PIs are pretty rare, and are often frowned upon in the XML
community, especially when used frivolously. But if you have a valid
reason to use them, go for it. For example, PIs can be an excellent
place for putting the kind of information (such as scripting code)
that gets put in comments in HTML. While you can't assume that
comments will be passed on to the application, PIs always are.
Is the XML Declaration a Processing Instruction?
At first glance, you might think that the XML declaration is a PI
that starts with xml. It uses the same "<? ?>" notation, and
provides instructions to the parser (but not the application). So is
it a PI?
Actually, no: the XML declaration isn't a PI. But in most cases it
really doesn't make any difference whether it is or not, so feel free
to look at it as one if you wish. The only places where you'll get
into trouble are the following:
Trying to get the text of the XML declaration from an XML parser.
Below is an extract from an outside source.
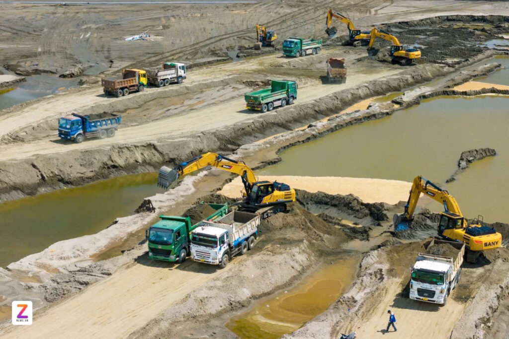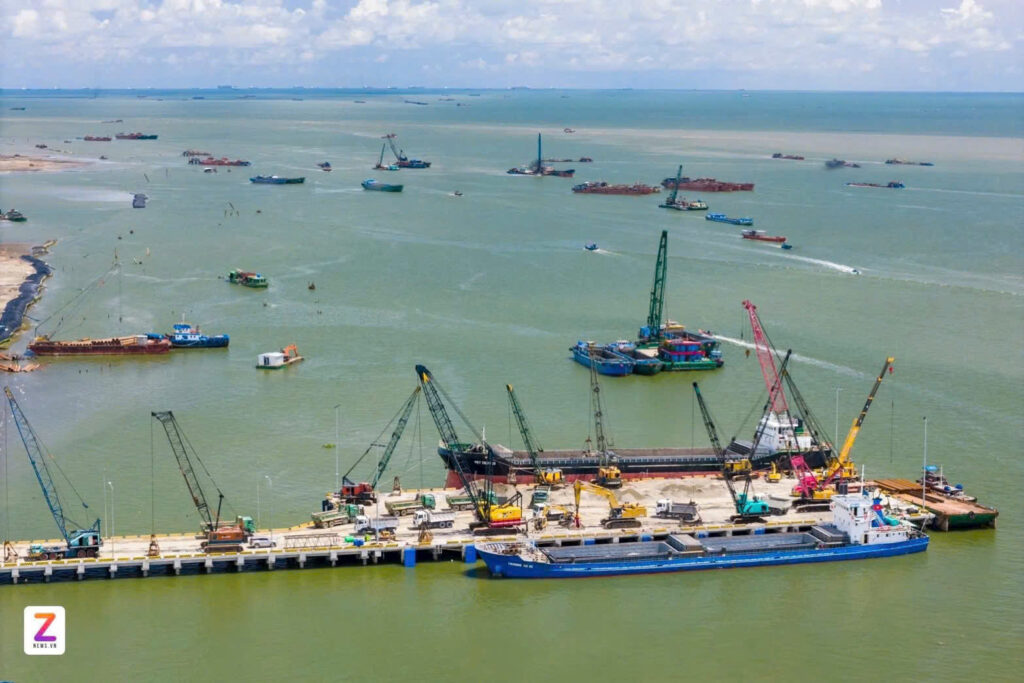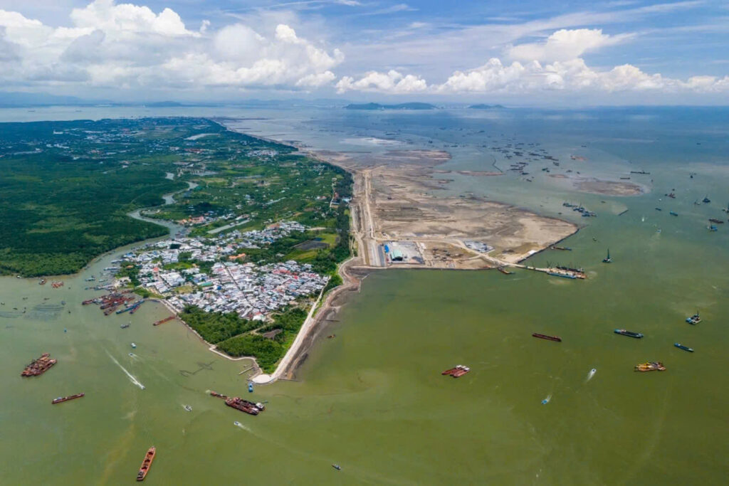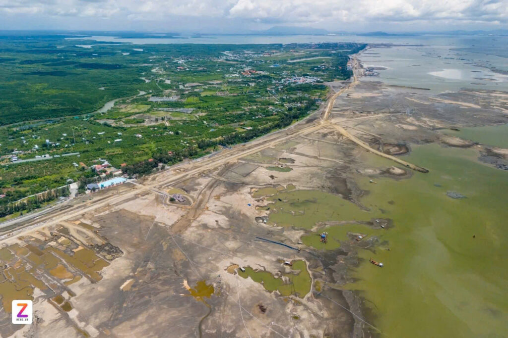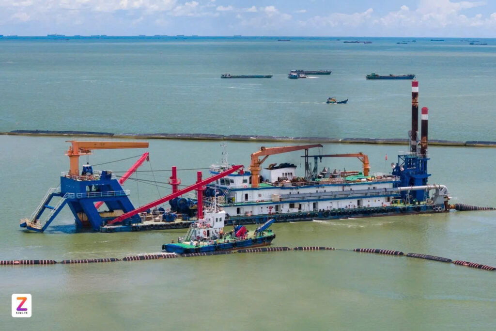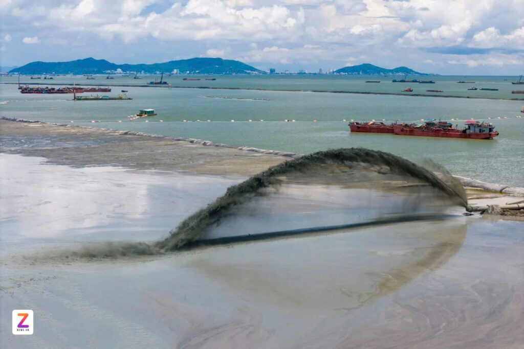 - San lấp Lấn biển: Hàng trăm sà lan, ô tô, máy xúc được huy động để lấn ra biển hàng trăm mét.

Some parsers erroneously treat the XML declaration as a PI, and will
pass it on as if it were, but many will not. The truth is, in most
cases your application will never need the information in the XML
declaration; that information is only for the parser. One notable
exception might be an application that wants to display an XML
document to a user, in the way that we're using IE5 to display the
documents in this book.
Including an XML declaration somewhere other than at the beginning
of an XML document. Although you can put a PI anywhere you want, an
XML declaration must come at the beginning of a file.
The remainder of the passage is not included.